5- Deux pays, deux civilisations aussi éloignées l’une de l’autre que celles de
l'Inde et des États-Unis se rejoignent pourtant dans une sorte de respect pour
la richesse matérielle. En Inde, le grand mythe de la métempsychose fait croire
que l’argent et la réussite sociale prouvent la bonté d’une personne, conquise
dans des existences antérieures. L'inégalité des sorts, des fortunes, des
conditions de vie n'est pas perçue comme scandaleuse. Ce qui ne signifie pas
que la religion hindoue sanctifie la richesse ; au contraire, elle enseigne le
dépouillement. Mais ce dépouillement n'a pas pour but de relever le niveau de
vie des pauvres et d’instaurer un monde plus juste, il vise à permettre à l'âme
de mieux s'approcher du divin.
Aux États-Unis, la richesse est vue comme la récompense du travail, de
l'initiative, du courage, de l'économie, bref de la vertu. La réussite sociale, qui
ne va jamais sans richesse, mérite le respect et l'admiration. On suppose
qu'elle a été conquise et que le riche en est responsable. On croit, à tort, que
les chances de tous au départ sont égales. Ceux qui deviennent riches en ont
donc tout le crédit. Quant à ceux qui tombent ou qui croupissent au bas de
l’échelle sociale, il est naturel qu'on les regarde de haut, sinon qu'on les
méprise. Ici aussi des théories théologiques fournissent une justification. Elles
sont liées à la croyance que c'est la foi en Dieu seule qui sauve, non les rites,
les cérémonies ou les bonnes œuvres. Dans ce contexte, qu'un homme soit
riche ou pauvre n'a aucune importance. Et comme, en définitive, c'est ce
contexte mystique qui compte, on n'a pas à s'inquiéter des inégalités sociales
et de la mauvaise distribution des richesses. L'essentiel est le ciel et il s'ouvre
tant pour laisser entrer les pauvres que pour laisser entrer les riches, pourvu
qu’ils aient la foi et qu’ils aiment Dieu de tout leur cœur.

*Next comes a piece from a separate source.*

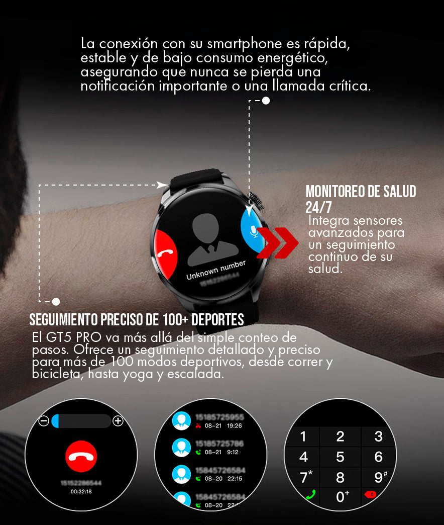 ¡LLEVE EL PODER EN SU MUÑECA! El diseño robusto y audaz del GT5 PRO, con su correa de eslabones de metal y bisel táctico, no solo es duradero, sino que proyecta una imagen de autoridad y determinación. Es la pieza de tecnología que complementa a la persona que toma el control.
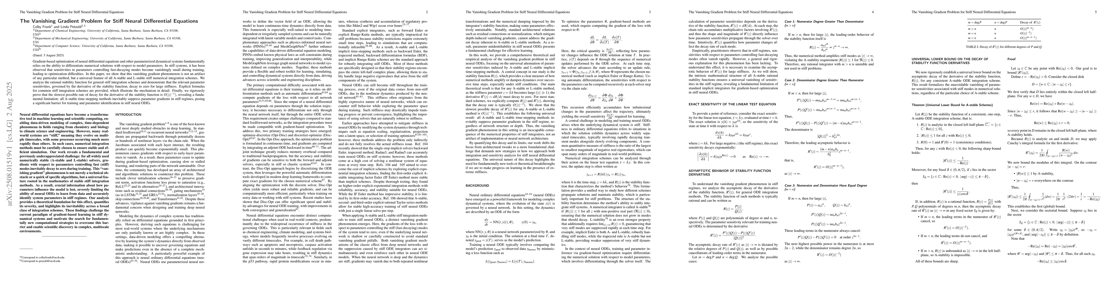The research establishes a fundamental limitation in training stiff neural ODEs, distinct from the classical vanishing gradient problem, by linking it to the mathematical properties required for numerical stability in stiff integration schemes.

6- La distinction de l'être et de l'avoir n'est simple qu'en apparence, car il y a
un grand nombre de réalités dont la possession affecte notre être plus ou
moins profondément. Par exemple les idées, les croyances, la foi, l'espérance,
le succès, le cœur, l'expérience, le bonheur, etc., et bien sûr leur contraire.
Mais l'être ainsi affecté n'est pas une entité transcendante, c'est le Moi lui-
même comme sujet unique et particulier, comme vivant jouissant et souffrant,
se débattant au milieu des autres humains et des choses.
7- N'avoir rien à dire, voilà la pauvreté mentale. Une des plus grandes richesses
serait donc de pouvoir parler ? Oui, et parler d'autre chose que de soi, comme
font les vrais philosophes et les grands écrivains.